CE QUI S’EST PASSE EN 2011
INTRODUCTION
Dans la vague d‟émeutes, de soulèvements qui ont frappé les pays arabes depuis décembre
2010, l‟Égypte est arrivée en deuxième position sur la scène, après la Tunisie, mais avec des
différences extraordinaires pas seulement à cause de la taille du pays et de son importance
géopolitique, pas seulement à cause du nombre de morts (864) et de blessés (environ 9 000), pas
seulement à cause d‟un arrière-plan économique et d‟un développement capitaliste différents mais
parce que les deux principaux acteurs du changement de régime n‟ont pas été les mêmes. En
Égypte, c‟est un compromis social entre l‟armée et les Frères musulmans, apparu rapidement
(mais pas au commencement du mouvement), qui a donné le tempo des événements.
Contrairement à la Tunisie, il n‟y a pas de syndicat comme l‟UGTT encore moins de
partis politiques capables de jouer un rôle. Et ce compromis fonctionne toujours, comme les
résultats du référendum sur les réformes constitutionnelles l‟ont prouvé en mars. Mais comme tout
compromis, chaque partie essaye de faire pencher le balancier en sa faveur au détriment de
l‟autre. Le 7 juillet, l‟Égypte refuse un prêt de 3 milliards de dollars du FMI, après l‟avoir
sollicité. En lieu et place, elle fait le choix d‟un prêt auprès des banques islamiques. C‟est une
claire victoire des Frères contre l‟armée, celle-ci étant en faveur d‟un prêt du FMI.
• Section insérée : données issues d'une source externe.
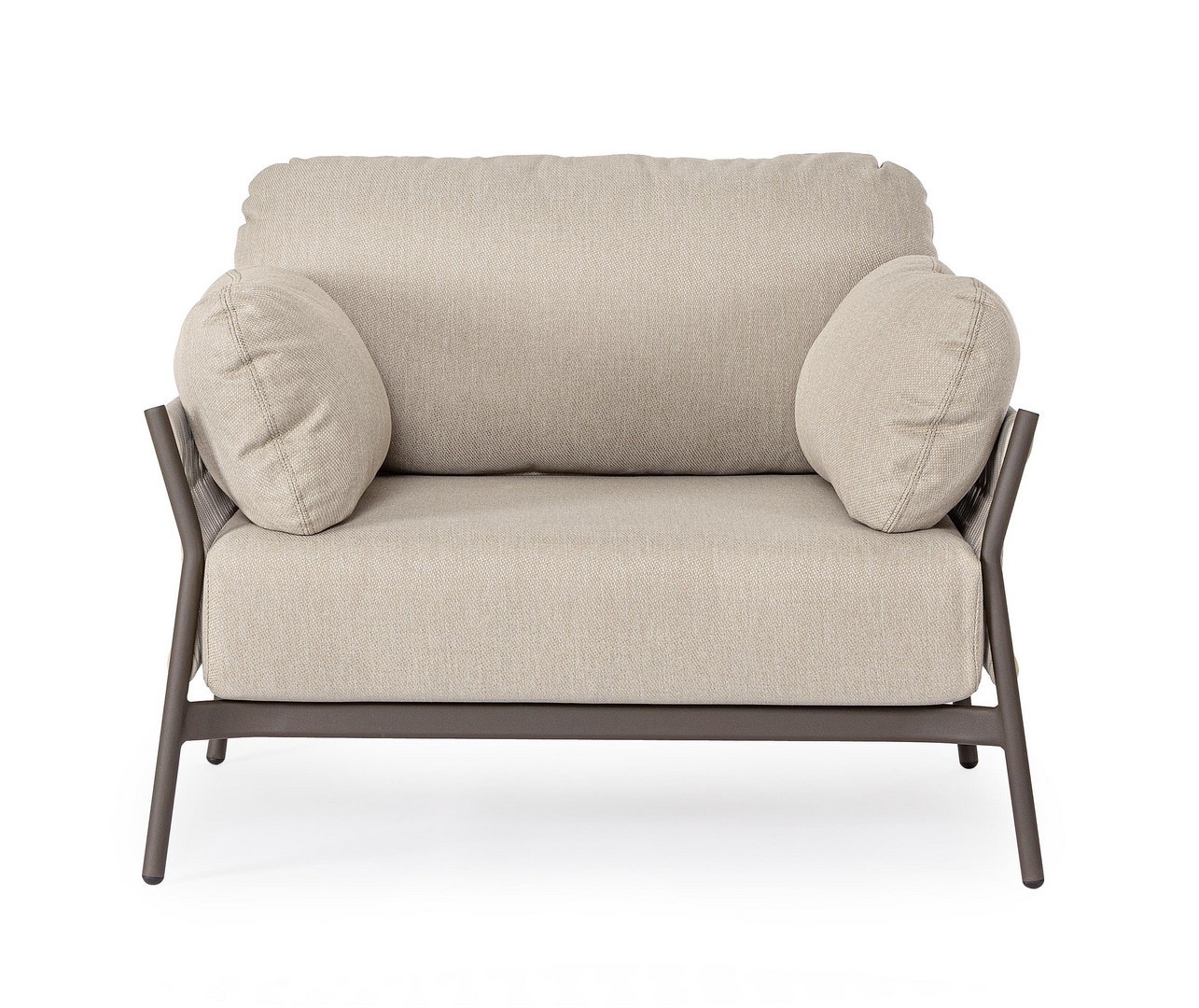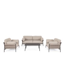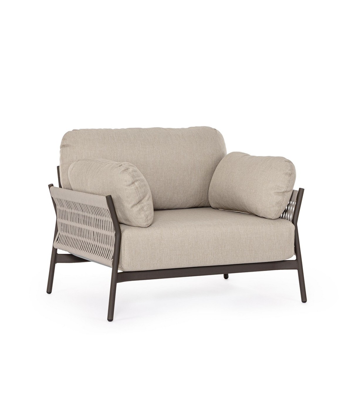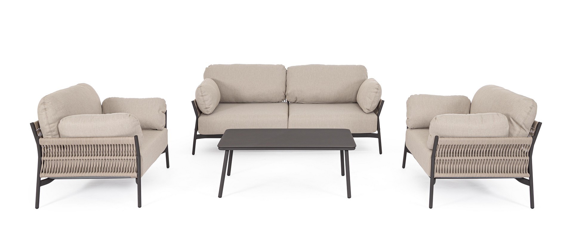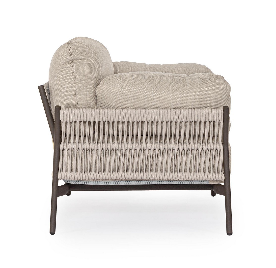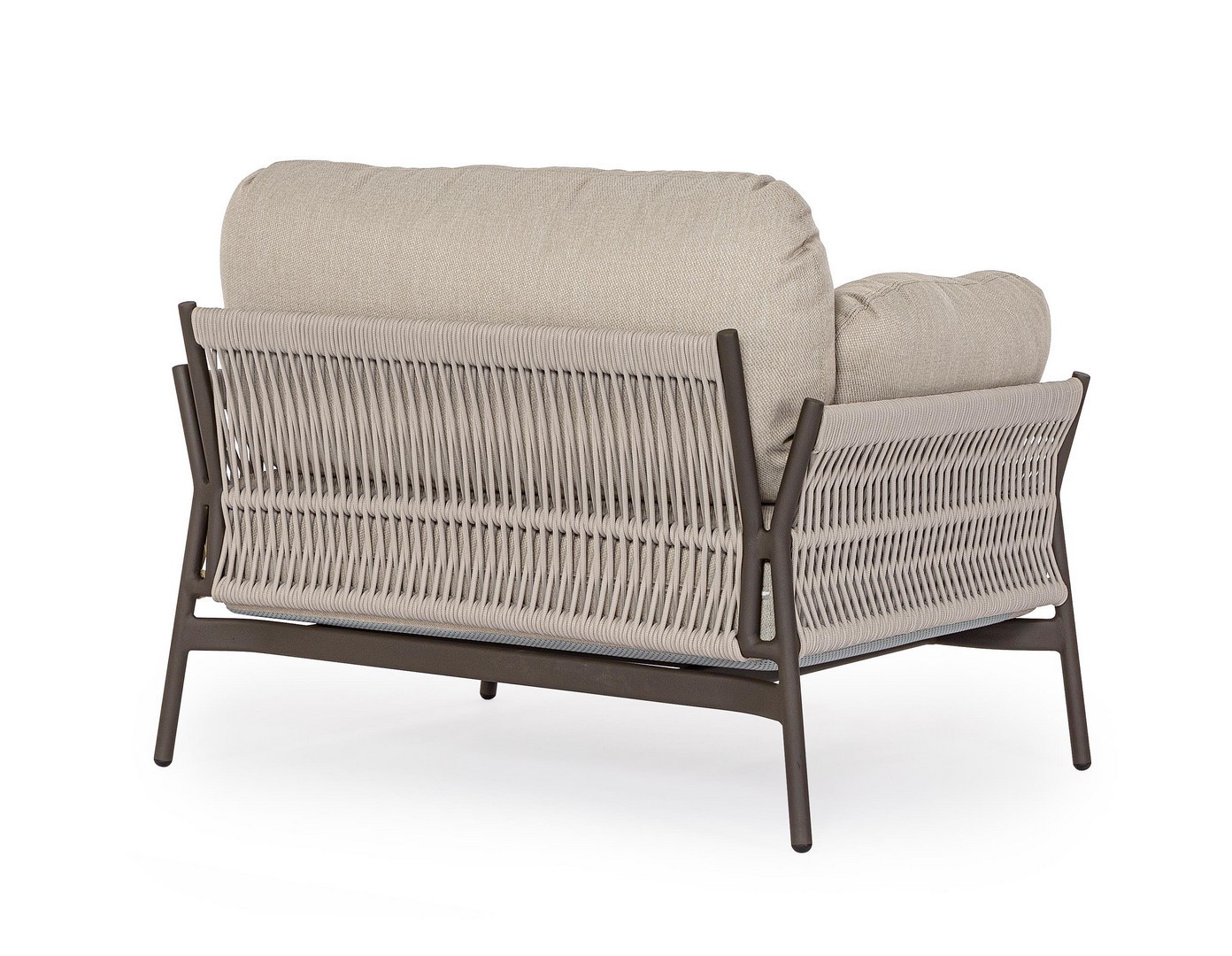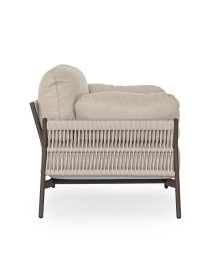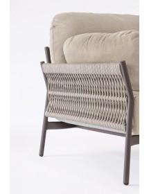 STRUTTURA IN ALLUMINIO VERNICIATO A POLVERE (POLIESTERE). INTRECCIO IN CORDA OLEFIN (100% POLIPROPILENE). CUSCINI SEDUTA E SCHIENALE SFODERABILI IN TESSUTO IDROREPELLENTE OLEFIN (100% POLIPROPILENE).

À l‟intérieur de cet espace réduit, le mouvement contre le régime de Moubarak et pour des
revendications démocratiques a essayé de se frayer un chemin mais, jusqu‟à maintenant, n‟a pas
été capable, tout en faisant beaucoup de tentatives, de dépasser les limites dont il souffre depuis le
début. Demeurant désespérément minoritaire, il n‟est pas capable de s‟adjoindre toutes les
couches de la société égyptienne y compris les plus pauvres des plus pauvres vivants dans les
bidonvilles du Caire sans parler des paysans pauvres représentant encore 40 % de la population.
Même dans les secteurs ouvriers du prolétariat égyptien, les exemples ne sont pas si
lumineux ou du moins pas tellement enthousiasmants sauf si l‟on reste au niveau superficiel des
« grèves », « mécontentement », « quelque chose se passe ». Evidemment le manque de données
précises et détaillées est un fardeau qui empêche de porter des jugements définitifs. Néanmoins, la
classe ouvrière tout en ayant été un poids parmi d‟autres qui a favorisé la chute de Moubarak, ne
s‟est pas manifestée par des grèves ou des agitations dans des secteurs importants comme les
usines dont l‟armée est propriétaire ou le secteur du tourisme industriel tandis que d‟autres
secteurs ont continué de s‟agiter.
L‟Égypte est importante sur la scène moyen-orientale pour des raisons tant géopolitiques
que religieuses. Les États-Unis, conscients de ce qui était arrivé en Tunisie, ont favorisé la
réforme par en haut et ont préféré voir les Frères musulmans participer à un compromis plutôt que
se figer dans une opposition, mais ils continuent d‟observer les évolutions de la situation, parce
que, dans le monde sunnite, Le Caire est en train de regagner la prééminence contre La Mecque et
l‟Arabie saoudite qui est toujours leur meilleur partenaire dans la région.
Ce qui est sûr, c‟est que dans tous les pays arabes et aussi en Égypte, les personnes ne
luttent pas pour le communisme (quoi qu‟on mette derrière ce mot, au minimum une société sans
classes) mais pour la démocratie. Et ce que l‟on doit expliquer c‟est ce que signifient la
démocratie et toutes les revendications démocratiques en regardant profondément ce qui se passe
dans ces pays même sous le parapluie d‟une armée toujours puissante. De ce constat, et comme
l‟acteur principal de la transformation vers le communisme est absent de la première ligne en tant
que tel, nous devons nous demander si la démocratie est « le fusil à l‟épaule du prolétariat » ou
« le piège capitaliste le plus efficace contre le prolétariat ». Peut-être un peu des deux.